The final countdown is under way to the biggest change in the history of the Ironbridge Gorge Museum.
Story of how visionaries of the 1950s and 1960s laid the foundations for world-beating museum in the Ironbridge Gorge
Museum sites have closed in preparation for reopening under entirely new management, thanks to a takeover by the National Trust, which will mark the start of a new chapter in the museum’s story.
So let’s take a trip down memory lane to remember some of the key events over the years and the debt owed to the pioneers and visionaries who led the way in ensuring that industrial relics in the Ironbridge Gorge were saved for future generations - which was a near-run thing.
Ironbridge Gorge Museum was set up in October 1967 but had it not been for efforts in the years before then there might not have been much to showcase. Amazingly both the icon of the Industrial Revolution, the Iron Bridge itself, and the Darby furnace, seen as the birthplace of the Industrial Revolution as it was here in Coalbrookdale in 1709 that Abraham Darby I first successfully smelted iron using coke instead of charcoal as a fuel, might have disappeared.
There is a story that the Iron Bridge, which was then owned by Shropshire County Council, was once offered for scrap to a local company, Oakley Arnold of Broseley, so long as they would dismantle it. And in the early 1950s there was a serious danger that Darby’s furnace would be dismantled.

Happily the Iron Bridge - which is today owned by Telford & Wrekin Council and in the care of English Heritage - survived long enough for another revolution to take hold, in attitudes to industrial history, partly spurred by the historian Arthur Raistrick. His 1953 book "Dynasty of Ironfounders: The Darbys and Coalbrookdale" helped kindle interest in the relics and artifacts in the Ironbridge Gorge.

And it was the foresight of his friend Fred Williams, the boss of the Coalbrookdale Company, which led to the furnace site being excavated in 1958. Fred got the financial backing of Allied Ironfounders Ltd, the group of which the company was a part, to set up a small museum at Coalbrookdale in 1959.
That might have been all there was had it not been for the advent of Dawley New Town. Dawley Development Corporation, the body charged with creating the new town, was also interested in the area’s past, and did a survey of the industrial relics in the early 1960s.

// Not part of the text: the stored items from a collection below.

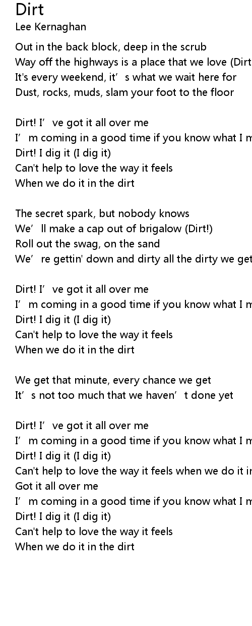 | Can' t help to love the way it feels when we do it in the dirt | |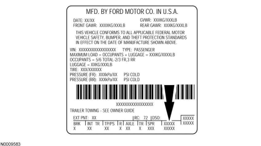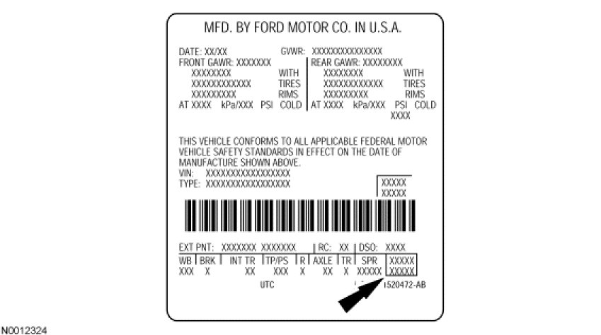 Base engine calibration information, sometimes referred to as the powertrain calibration, is located in the lower right corner of the vehicle certification label. Engine calibration information is limited to a maximum of 5 characters per line (2 lines maximum). Calibration information more than 5 characters long wrap to the second line of this field. Only the base calibration appears on this label. The revision level is no longer printed on the label, however, it can be found in the On-Line Automotive Service Information System (OASIS). For additional information on the vehicle certification label or engine calibration, refer to the Identification Codes.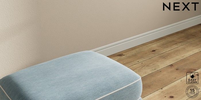 7.3.1 Buy Ashford Storage Footstool Fine Chenille with Contrast Mid Blue and Oyster Low Turned - Dark from the Next UK online shop Click here to use our accessible website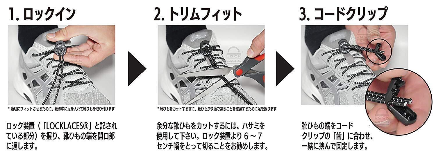 靴ひも 結ばない:スニーカー、テニスシューズ、ランニングシューズ等、くつひも が付いているどんな靴もスリッポン同様に変身。この 結ばない靴紐 はLOCK LACESがオリジナルで、世界各国で500万個以上の売り上げ。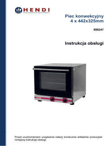 Piec konwekcyjny 4 x 442x325mm 999247 Instrukcja obsługi I Przed uruchomieniem urządzenia naleŜy koniecznie dokładnie przeczytać niniejszą instrukcję obsługi. POLSKI | 1 20-02-2013 POLSKI (Tłumaczenie oryginalnej instrukcji) SPIS TREŚCI: str. INSTRUKCJE DLA INSTALATORA I. II. III. IV. V. VI. VII. OSTRZEśENIA CZYNNOŚCI WSTĘPNE MIEJSCE INSTALACJI PRZYGOTOWANIE DO INSTALACJI PRZYŁĄCZE ELEKTRYCZNE PODŁĄCZENIE ODPŁYWÓW DANE TECHNICZNE 2 2 2 3 3 4 4 INSTRUKCJE DLA UśYTKOWNIKA I. II. III. IV. V. VI. VII. OSTRZEśENIA PIERWSZE UśYTKOWANIE KONSERWACJA ZWYCZAJNA KONSERWACJA NADZWYCZAJNA KONSERWACJA W PRZYPADKU AWARII PORADY DOTYCZĄCE UśYTKOWANIA MECHANICZNY PANEL STEROWANIA 5 6 7 8 9 10 11 POLSKI | 2 WSTĘP Szanowny Kliencie, pragniemy Ci podziękować i pogratulować zakupu; Ŝyczymy sobie, by to był nowy początek pozytywnej i trwałej współpracy. W niniejszym podręczniku zawarto wszelkie informacje niezbędne do poprawnego uŜytkowania, konserwacji i instalacji urządzenia. Celem instrukcji jest umoŜliwienie technikowi – montaŜyście, a przede wszystkim uŜytkownikowi, zaznajomienie się wszystkimi wskazówkami niezbędnymi do bezpiecznego, trwałego i bezawaryjnego funkcjonowania urządzenia. Podręcznik naleŜy przechowywać przez cały cykl Ŝywotności urządzenia. UmoŜliwi się tym samym dostęp do informacji kolejnym uŜytkownikom i technikom. W przypadku jego zagubienia lub zniszczenia, o kopię naleŜy poprosić bezpośrednio producenta lub autoryzowanego sprzedawcę. Producent nie ponosi jakiejkolwiek odpowiedzialności za szkody wyrządzone w mieniu i na osobach powstałe na skutek nieprawidłowego uŜytkowania urządzenia, jego modyfikacji lub napraw przeprowadzonych przez nieupowaŜniony personel oraz w przypadku instalacji nieoryginalnych części wymiennych lub części nieodpowiednich dla przedmiotowego modelu pieca. Urządzenie zgodne jest z dyrektywami CEE. INSTRUKCJE DLA INSTALATORA I. OSTRZEśENIA Przed rozpoczęciem instalacji i pierwszym uruchomieniem naleŜy zapoznać się z treścią niniejszej instrukcji obsługi. Wszystkie czynności związane z instalacją, montaŜem, serwisem i konserwacją nadzwyczajną powinny być wykonywane przez przeszkolony personel, posiadający odpowiednie kwalifikacje (upowaŜniony przez producenta lub autoryzowanego sprzedawcę), w poszanowaniu norm obowiązujących w kraju, w którym instalowane jest urządzenie oraz przepisów odnoszących się do bezpieczeństwa urządzeń i miejsca pracy. Nieprawidłowa instalacja, serwis, konserwacja, czyszczenie lub ewentualne modyfikacje mogą spowodować awarie, szkody i obraŜenia. Urządzenie powinno być uŜywane wyłącznie do gotowania lub odgrzewania potraw w kuchniach przemysłowych. Wszelkie inne sposoby jego uŜytkowania uznaje się za niewłaściwe i tym samym niebezpieczne. II. CZYNNOŚCI WSTĘPNE Po otrzymaniu produktu naleŜy upewnić się, Ŝe nie został on uszkodzony podczas transportu oraz Ŝe opakowanie nie zostało naruszone. W przypadku uszkodzeń lub braku części, natychmiast skontaktować się z przewoźnikiem oraz sprzedawcą/producentem, wskazując kode (Art.) i numer seryjny (Ser N°) oraz dołączając dokumentację fotograficzną. Skontrolować, czy miejsce instalacji jest w pełni dostępne, czy nie zostało zastawione przejście do drzwi, korytarzy i innych wyjść. UWAGA: podczas transportu urządzenie moŜe się przewrócić, naraŜając się tym samym na uszkodzenia oraz powodując szkody materialne i osobowe. Aby tego uniknąć, transport winien być przeprowadzany przy uŜyciu stosowych środków, uwzględniając równieŜ cięŜar urządzenia. Pod Ŝadnym pozorem nie naleŜy go ciągnąć i przechylać. Urządzenie naleŜy podnieść równolegle do podłoŜa, a następnie przenosić w poziomie. III. MIEJSCE INSTALACJI Pomieszczenia zamknięte z dobrą wentylację (instalacji nie naleŜy dokonywać na zewnętrz). Przed ustaleniem pozycji urządzenia, skontrolować jego wymiary oraz pozycję łączy elektrycznych. POLSKI | 3 Zaleca się umieszczenie piekarnika pod okapem kuchennym lub zagwarantowanie odprowadzania gorących oparów i zapachów na zewnątrz. Piekarnik naleŜy umieścić na płaskiej powierzchni, unikając tym samym jego ześlizgnięcia i przewrócenia. Miejsce, w którym będzie instalowane urządzenie powinno wytrzymać jego cięŜar i maksymalne obciąŜenie. W celu uzyskania niezbędnych danych patrz: Tabliczka Znamionowa na tylnej części pieca. NaleŜy zwrócić szczególną uwagę na to, by usytuowanie urządzenia pozwalało na całkowite otworzenie jego drzwiczek. Tylnia część piekarnika powinna był łatwo dostępna, umoŜliwiając tym samym wykonanie podłączeń elektrycznych, oraz czynności związanych z konserwacją. Urządzenie nie jest przystosowane do zabudowy. Wokół całego jego korpusu naleŜy zostawić wolną przestrzeń (5 cm). Odradza się umieszczanie urządzenia w pobliŜu źródeł ciepła, frytkownic i innych zbiorników z gorącymi płynami; jeśli nie jest to moŜliwe naleŜy przestrzegać następujących odległości bezpieczeństwa: 50 cm po bokach i nad piekarnikiem, 70 cm z tyłu urządzenia. W Ŝadnym wypadku urządzenia nie naleŜy stawiać w pobliŜu materiałów lub zbiorników z materiałami łatwopalnymi (ściany, meble, parawany, butle z gazem): istnieje ryzyko wzniecenia poŜaru. Jeśli nie jest to moŜliwe, części łatwopalne naleŜy zabezpieczyć materiałem izolacyjnym, zwracając szczególną uwagę na normy dotyczące ochrony przeciwpoŜarowej. IV. PRZYGOTOWANIE DO INSTALACJI Usunąć opakowanie (drewniana skrzynia/karton) i zutylizować zgodnie z normami obowiązującymi w kraju, w którym instalowane jest urządzenie. USUWANIE FOLII OCHRONNEJ I INNE CZYNNOŚCI Całkowicie usunąć folię ochronną z zewnętrznych i +wewnętrznych ścianek urządzenia (patrz: ilustracja). Z wnętrza urządzenia usunąć materiały informacyjne i ewentualne plastikowe woreczki. REGULA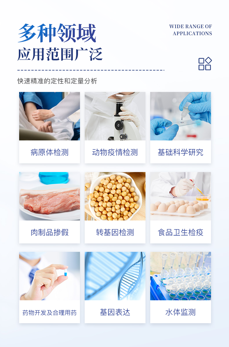 对取于其他动物体内的生物样本(如血液,体液等)中包含的目标核酸,进行快速精准的定性和定量分析,同时也能够对特殊样本进行标准曲线,熔解曲线,基因分型等分析。
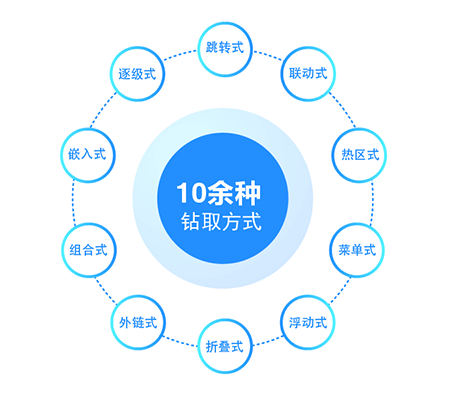 提供了十余種鉆取方式,并采用向?qū)降亩x,鉆取方式包括:逐級(jí)式、跳轉(zhuǎn)式、聯(lián)動(dòng)式、熱區(qū)式、菜單式、浮動(dòng)式、折疊式、外鏈?zhǔn)健⒔M合式、嵌入式等。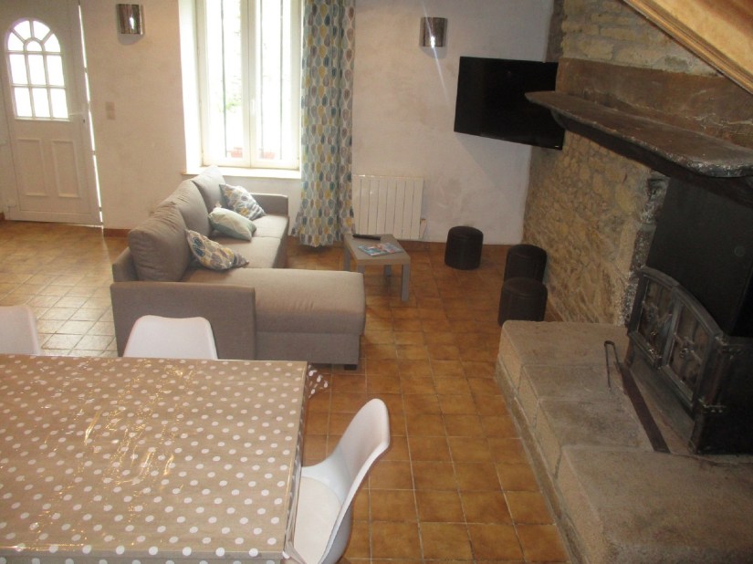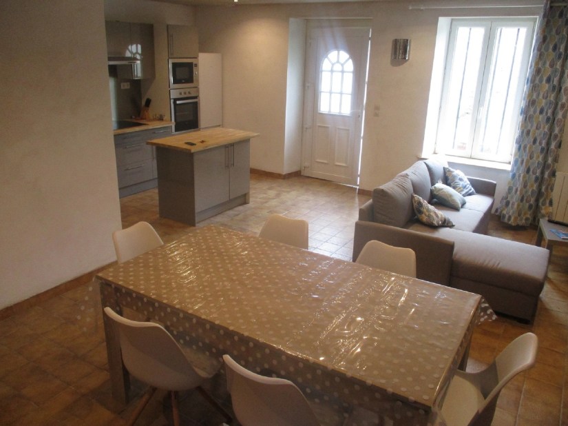 1 pièce à vivre : salle, salon ( avec canapé ) et cuisine (lave vaisselle, micro ondes, frigo avec partie congélateur, four et plaques induction, cafetière…) TV écran plat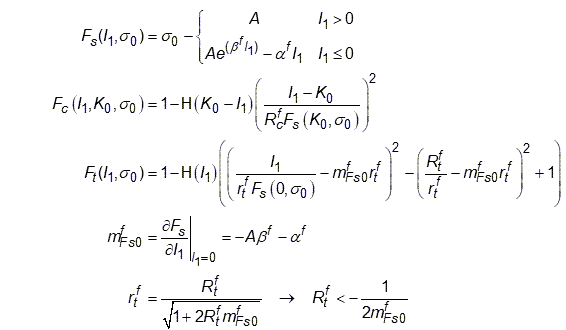 The yield surface for tension and compression "regimes" are described by Equation 4–88 and Equation 4–89 (Chen and Han([332])).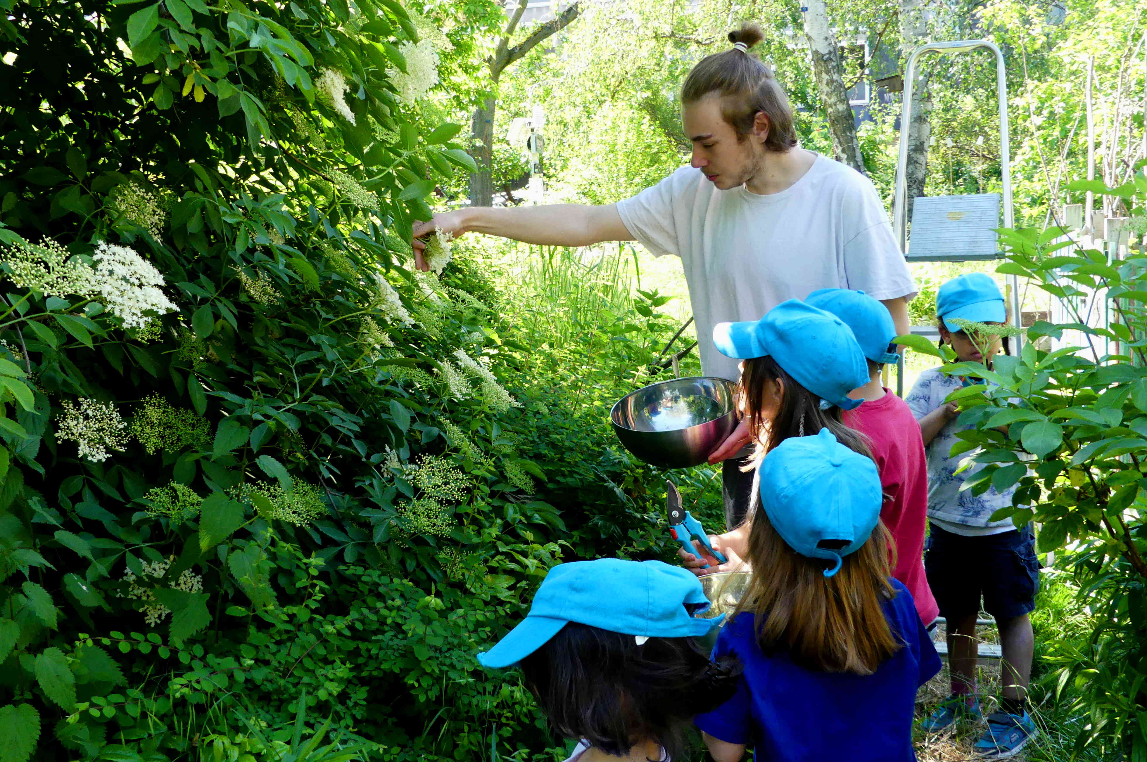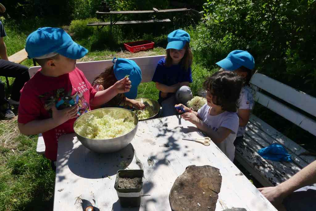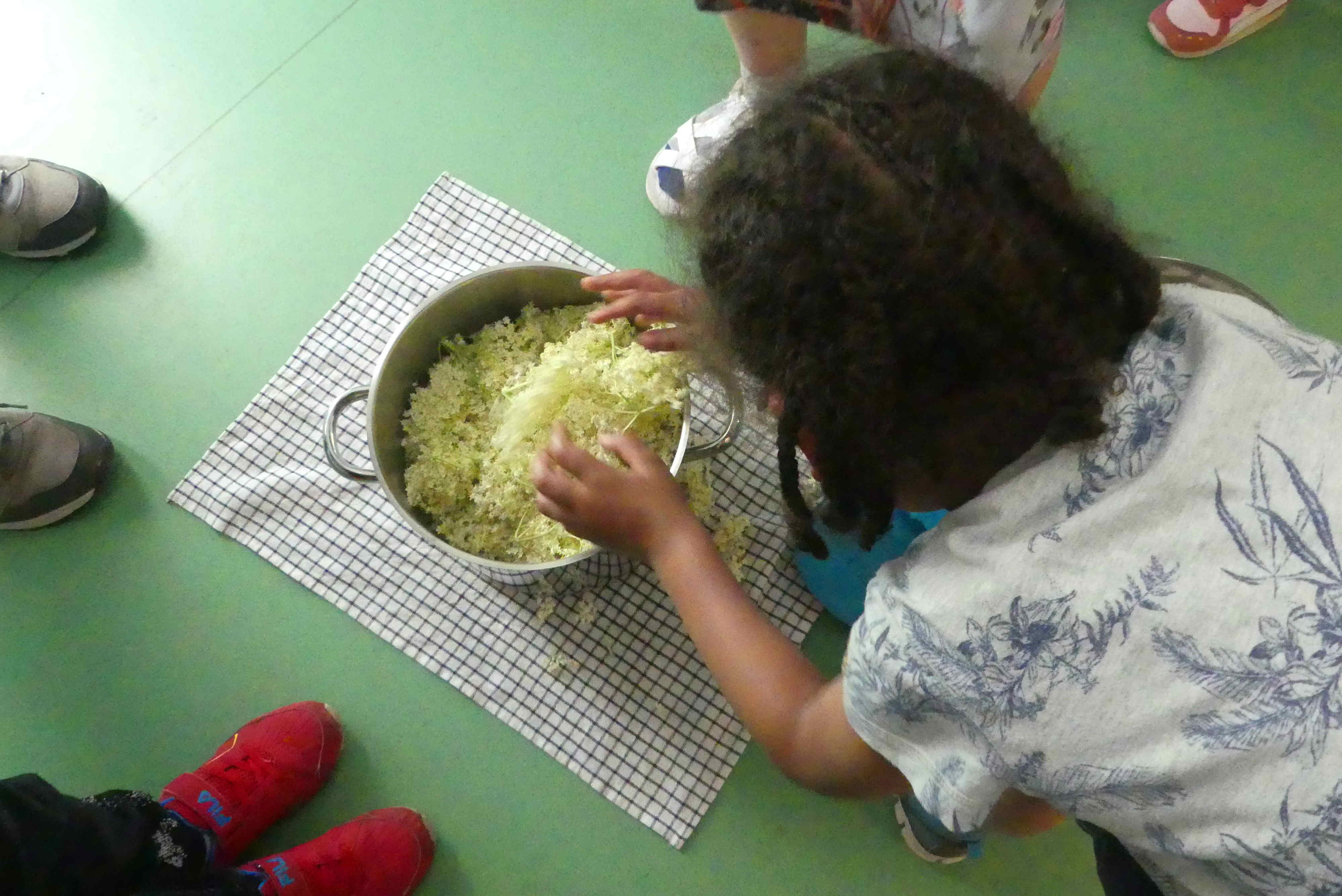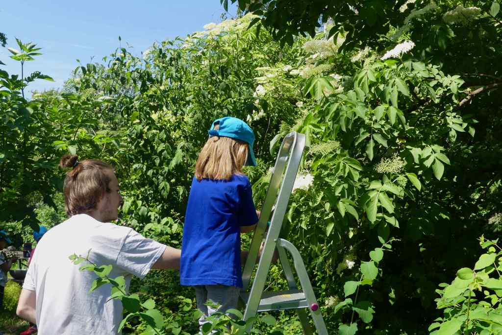 Aber bald haben die Kinder die ausreichende Menge der wuderschönen und reich duftenden Dolden gepflückt, jetzt gehen diese noch einmal in die Endkontrolle, wir wollen ja schließlich keine kleinen Tierche in unserem Sirup haben…

On February 3, 1967, it convened a meeting to consider setting up a museum trust, and on October 15 that year the Ironbridge Gorge Museum was registered as a company.
In 1968 the Dawley New Town concept was expanded to become Telford New Town, and Telford Development Corporation gave crucial support to the embryonic museum.

There have been a series of milestones since. These include: 1971, Neil Cossons became first museum director; March 31, 1973, official opening of Blists Hill open air museum; 1977, Museum of the Year Award; 1978, European Museum of the Year award; November 1986, Unesco announcement that it had chosen the Ironbridge Gorge as a World Heritage Site, underlying its international importance.
To this can now be added 2026, with the bowing out of the charitable trust which, with the help of so many local volunteers, transformed a widespread and motley estate of ruins and relics into a museum of international standing.
National Trust - now it’s your turn.